A título de ilustração, pode-se recorrer às últimas eleições gerais no Brasil (2018), as quais ocorreram num ambiente desfavorável a um mínimo de diálogo racional, ao lúcido convencimento e à formação de consensos responsáveis. Na realidade, não houve racionalidade nem diálogo entre os grupos que disputaram o pleito. Todos tinham razões e ofensas que os tornaram surdos uns para com os outros. Portaram-se semelhantes a portadores de doenças mentais e de certas psicopatologias. As redes sociais e veículos de impressa, ambientes em que proliferaram as fake news, evidenciaram fartamente essa logospirataria generalizada. Em face desse cenário, resultaram apenas opções extremas, as quais na prática não constituíram reais alternativas ao país. Apenas mais do mesmo, todavia, com maior irracionalidade, passionalidade e radicalização. Em síntese, outro certame eleitoral em que se perdeu a oportunidade de construir consensos mínimos em prol da nação e de firmar compromissos essenciais entre os diversos segmentos da sociedade brasileira, sobretudo na busca de construir um país com alguma perspectiva de superação das crises mais graves e de fomentar um processo de desenvolvimento socioeconômico.
O potencial dos extremos
Os extremos tendem a colocar tudo a perder, pois constituem efetivos riscos à garantia das liberdades e dos direitos fundamentais.
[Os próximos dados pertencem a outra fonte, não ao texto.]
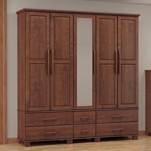 Modelo: Guarda Roupa 5P 6G Espelho Madeira Maciça 208 cm 2253 Milani Store
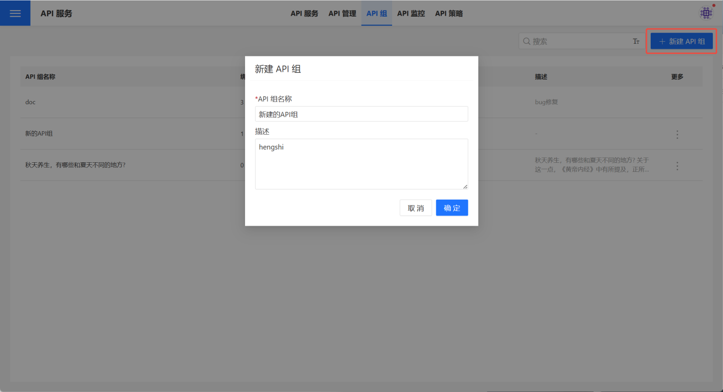 拥有 API 管理角色的用户都可以创建 API 组,点击API 服务->API 组->+ 新建 API 组,打开新建弹窗。输入 API 组名称和描述,API 组即创建完成。
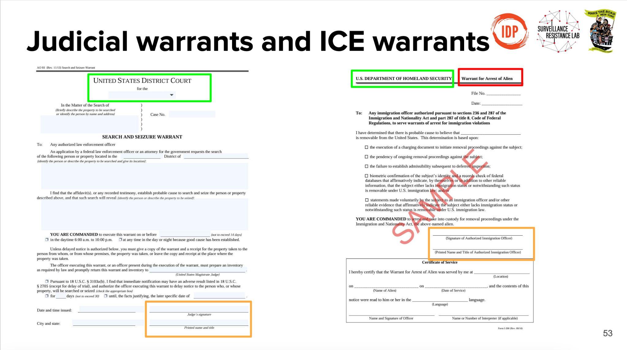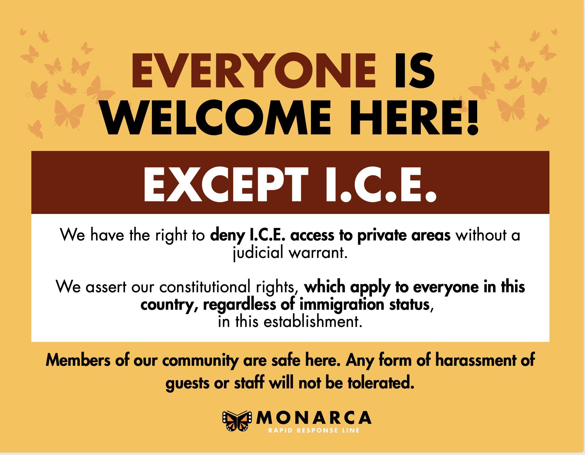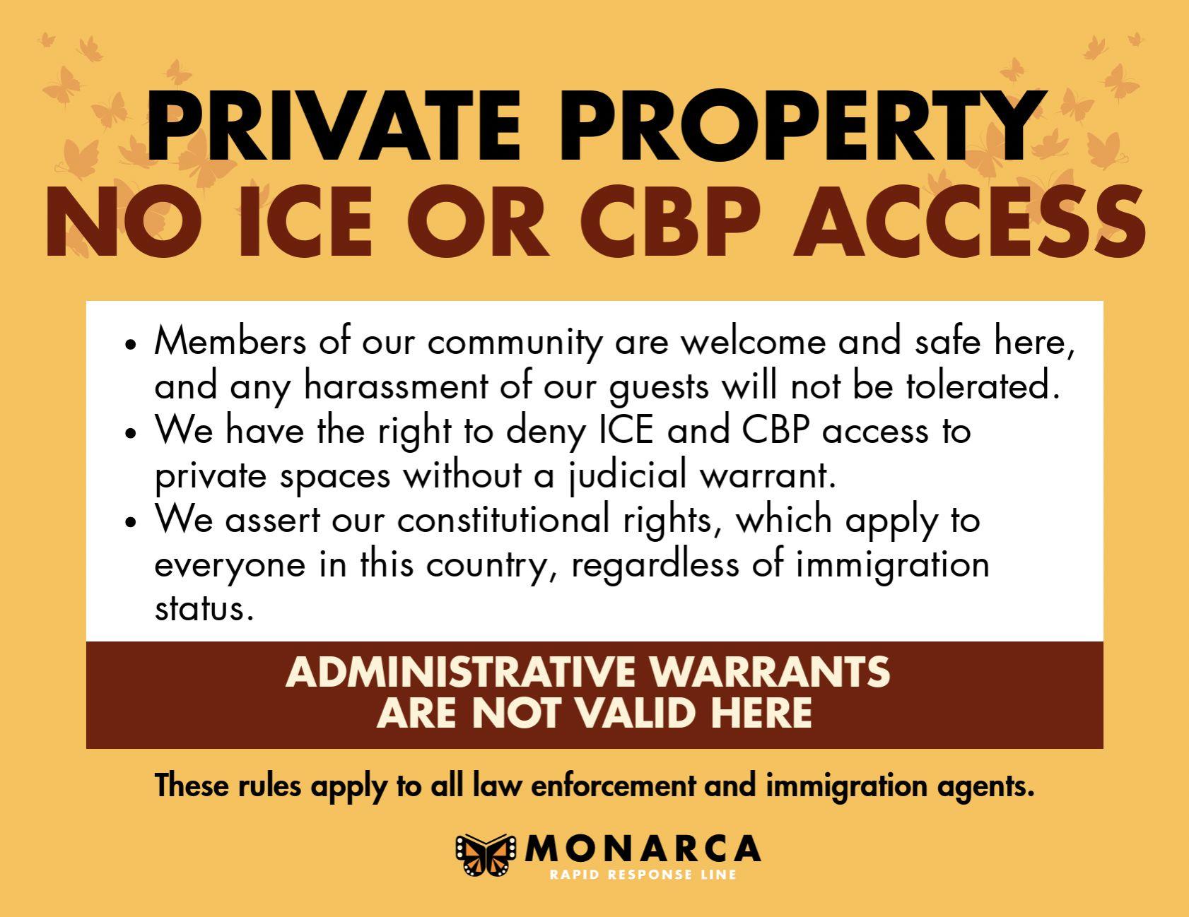 • ICE can enter public spaces without a judicial warrant: restaurants, coffee shops, stores, etc. These workplaces should make sure to have a private room with clear signage. ICE cannot enter those private spaces without a judicial warrant.

O extremismo é nefasto na medida em que não hesita em recorrer à violência e ao terror, justificando-se quase sempre em causas nobres, para “legitimamente” destruir aquilo que alega defender: a vida, a liberdade, a dignidade humana. Matam-se povos, grupos e pessoas em nome de Deus, da segurança pública, de lucros, da dominação econômica tanto quanto por causa das disputas de poder, do controle de negócios, da aquisição de patrimônio, de um celular, de um tênis ou de meros dez reais. Como afirma o Milan Kundera: “Os extremos são a fronteira além da qual termina a vida…, é uma velada ânsia de morte”. Os extremismos, ainda que simbólicos, têm enfim um grande potencial para a injustiça, a destruição, o terror.